Records from a dataset:

__________________________________________________

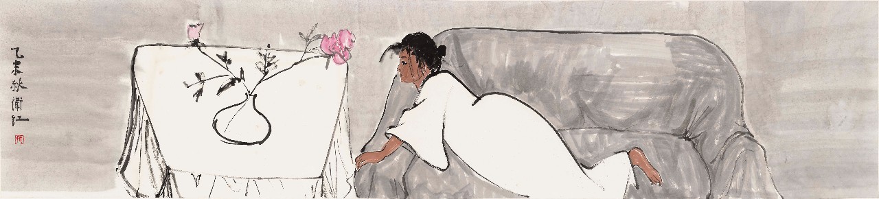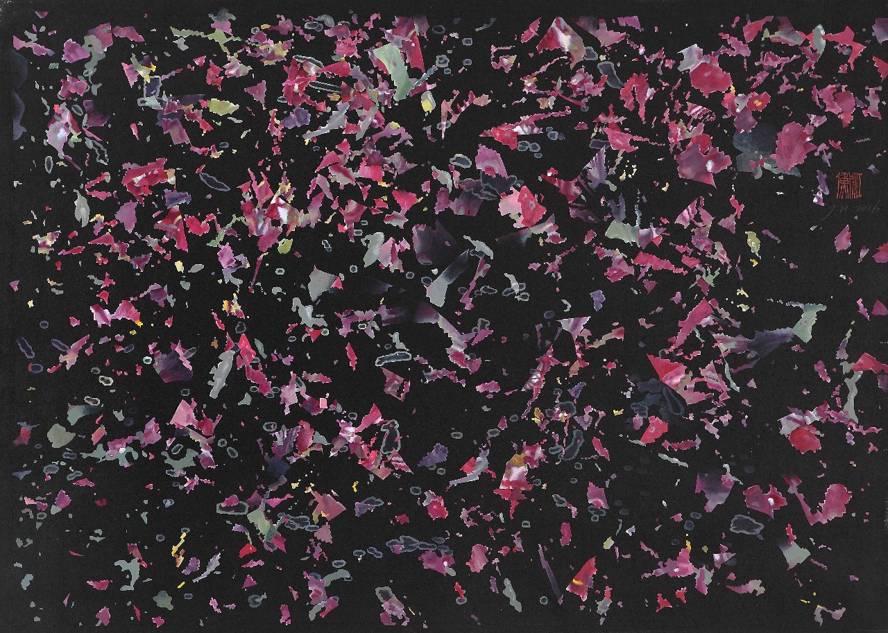 《落花》100X70CM 宣纸水墨 2016年 江衡《Falling flowers》
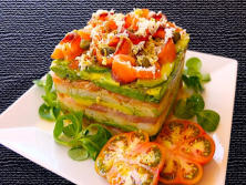 molde, aguacate y lonchas de salmón, siempre salseando ligeramente con
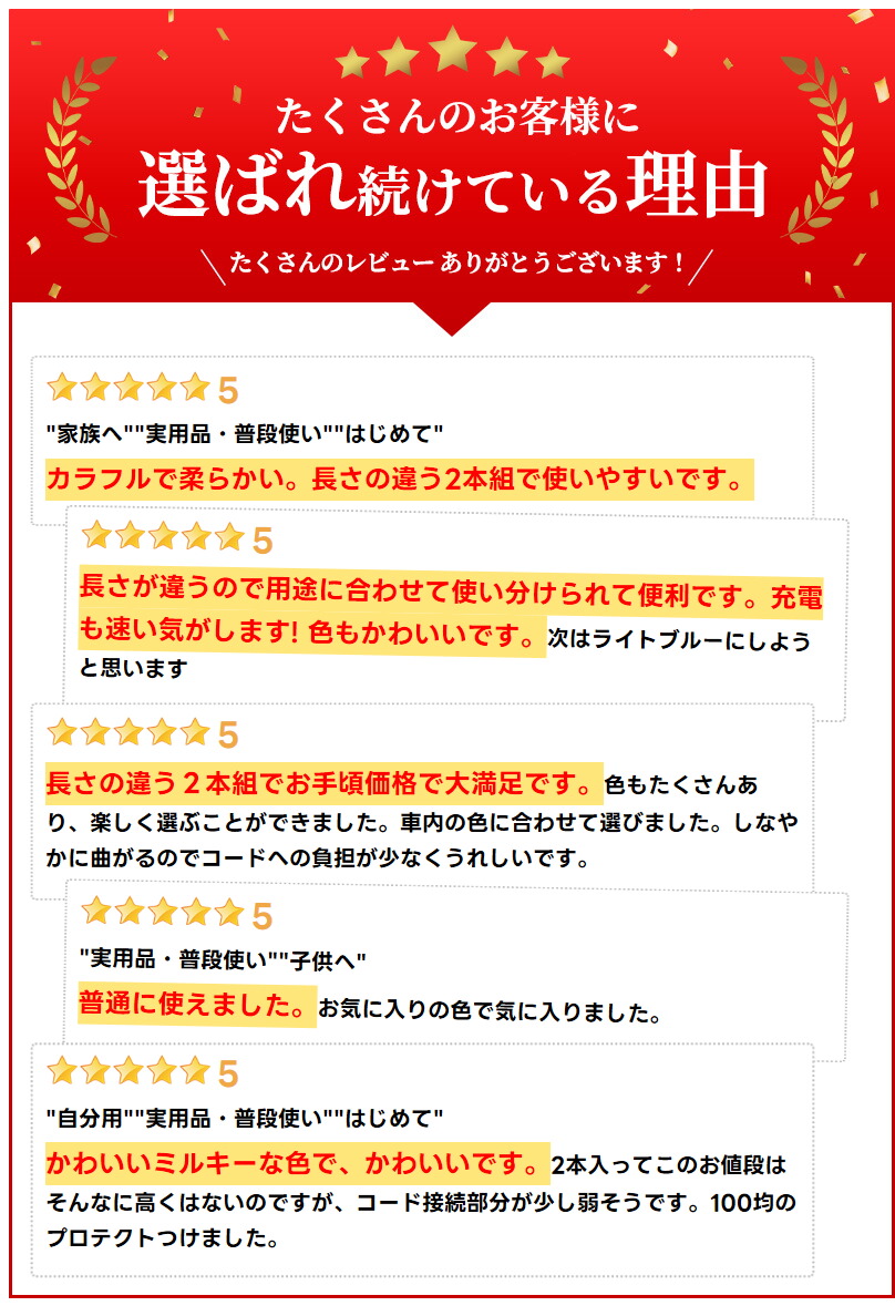 ※ケーブルはデータ転送に対応していますが、パソコンに充電することはできません。充電に使用する際には、適切な充電器を使用してください。
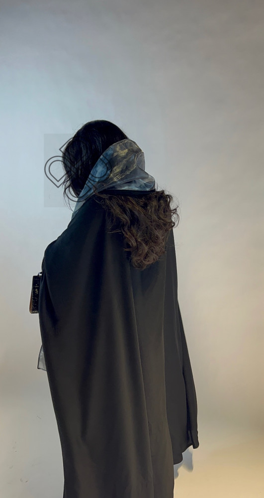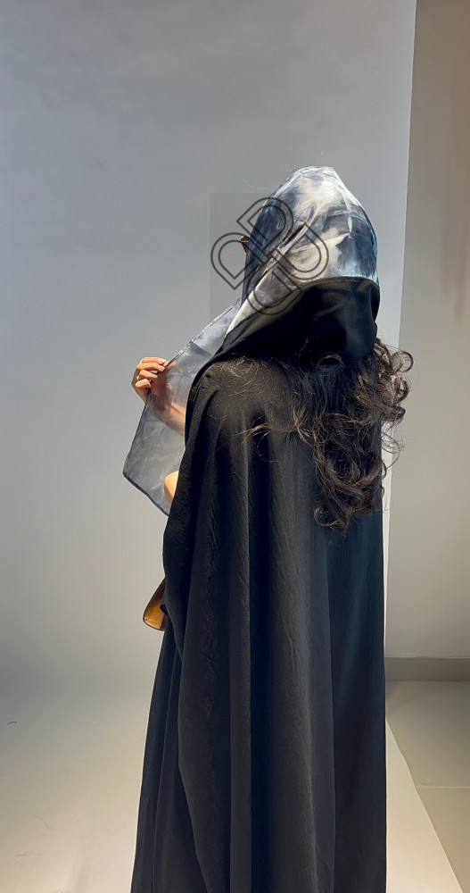 التفاصيل: حرير مغسول لون اسود قصة بشت ،الطرحه نص شيفون مشجر لون رمادي .
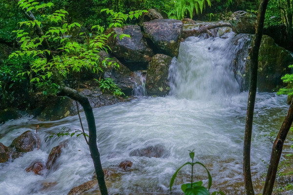古木参天的密林深处,隐藏着数不尽的奇石异岩,溪流瀑布错落其间。有耸出林海的石人矾,栩栩如生的小熊望松、双龟探月、姑嫂岩、观音望海等30多处主要景点。其中大基北瀑布落差70余米,分三级泻下,蔚为壮观。
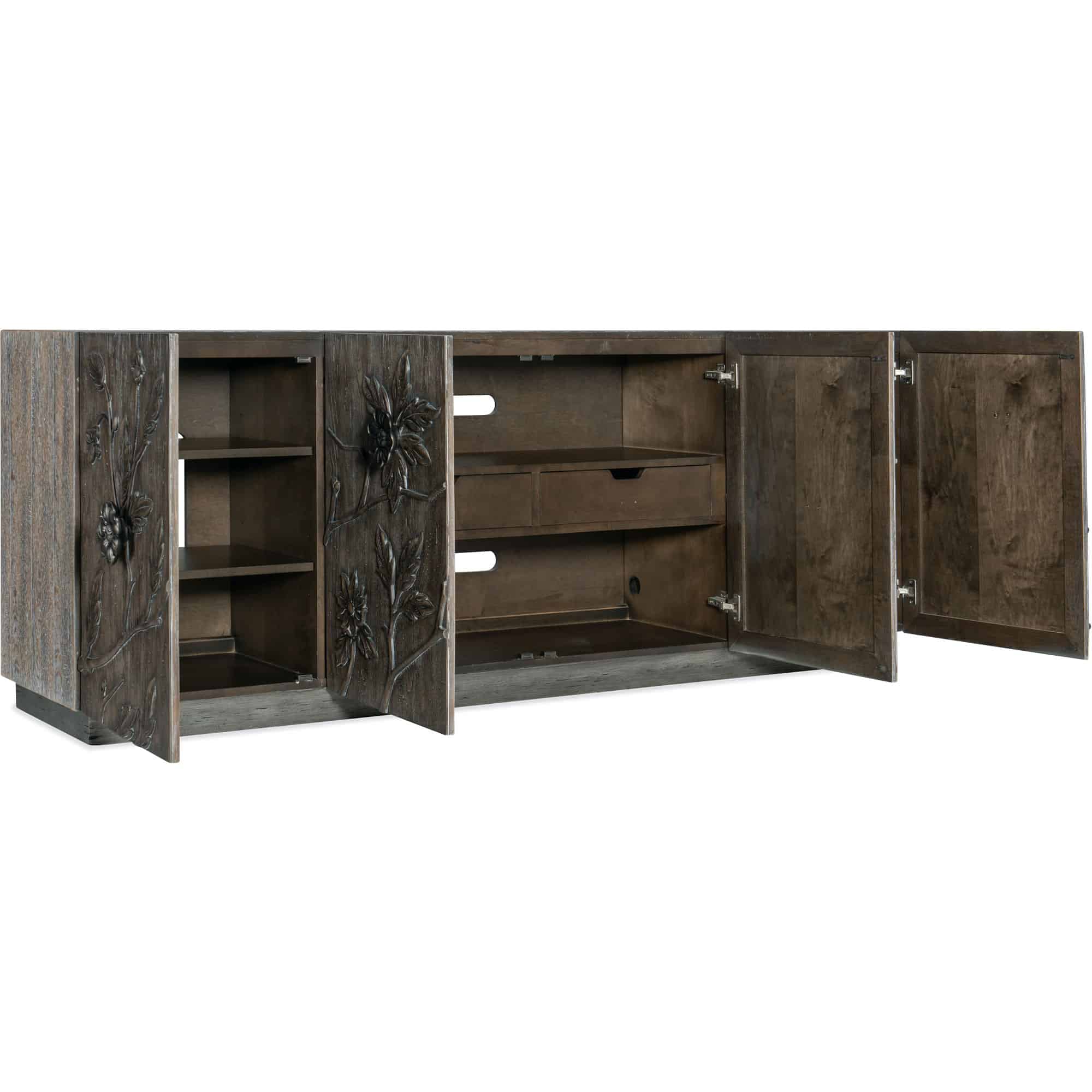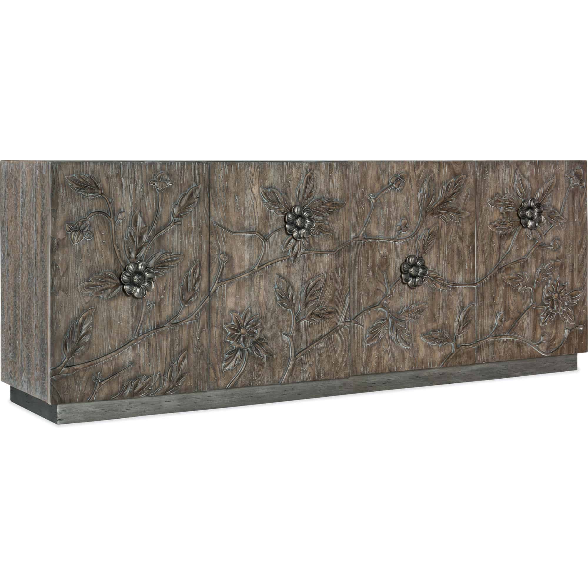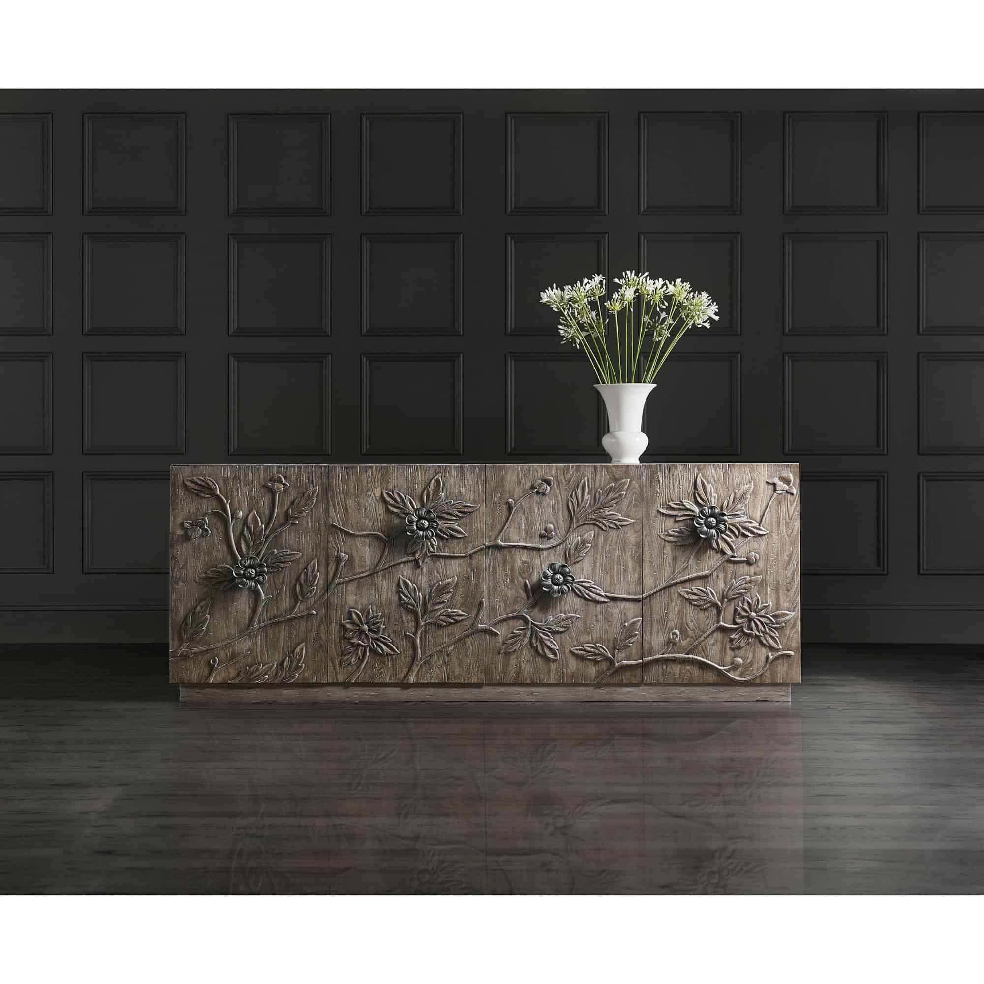 Finish: Medium wood finish with flower motif on door fronts and large floral silver hardware
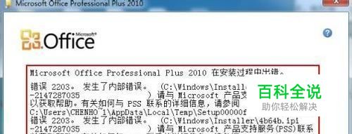 解决在WinXP系统中安装Office2010提示2203错误
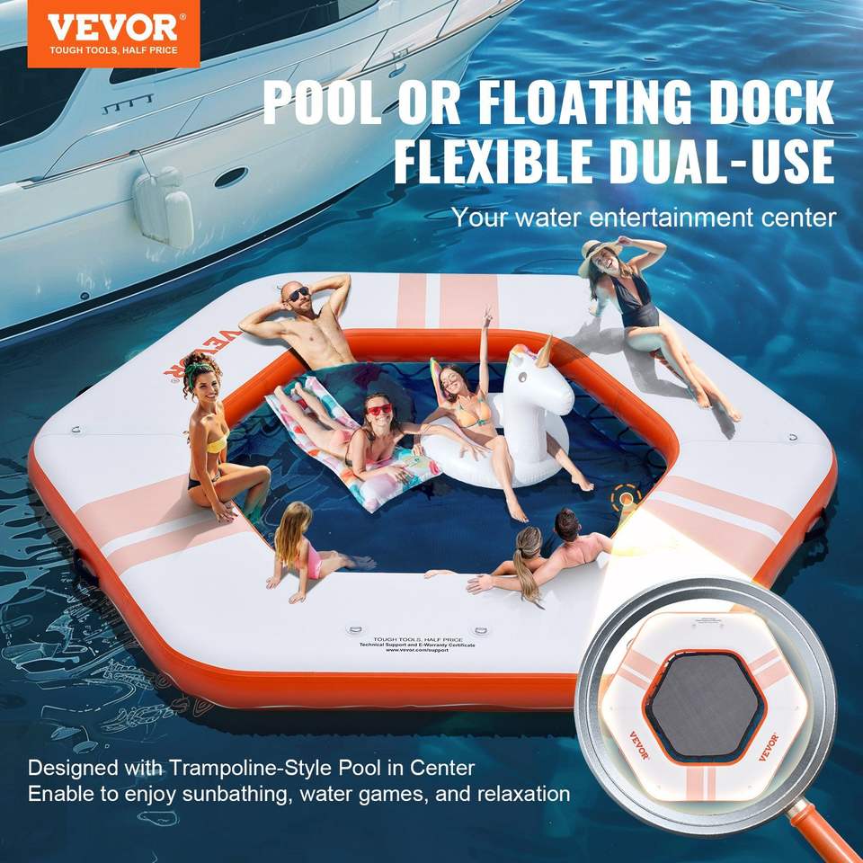 8.5FT Inflatable Floating Dock Platform 5FT Non-Slip Water Mat with Trampoline Mesh Floating Dock for Pool Amusement

__________________________________________________

YOUR TASK ::
Output the records above exactly, omitting the pictures.

SOLUTION TO THIS EXERCISE ::
 《落花》100X70CM 宣纸水墨 2016年 江衡《Falling flowers》
 molde, aguacate y lonchas de salmón, siempre salseando ligeramente con
 ※ケーブルはデータ転送に対応していますが、パソコンに充電することはできません。充電に使用する際には、適切な充電器を使用してください。
 التفاصيل: حرير مغسول لون اسود قصة بشت ،الطرحه نص شيفون مشجر لون رمادي .
古木参天的密林深处,隐藏着数不尽的奇石异岩,溪流瀑布错落其间。有耸出林海的石人矾,栩栩如生的小熊望松、双龟探月、姑嫂岩、观音望海等30多处主要景点。其中大基北瀑布落差70余米,分三级泻下,蔚为壮观。
 Finish: Medium wood finish with flower motif on door fronts and large floral silver hardware
 解决在WinXP系统中安装Office2010提示2203错误
 8.5FT Inflatable Floating Dock Platform 5FT Non-Slip Water Mat with Trampoline Mesh Floating Dock for Pool Amusement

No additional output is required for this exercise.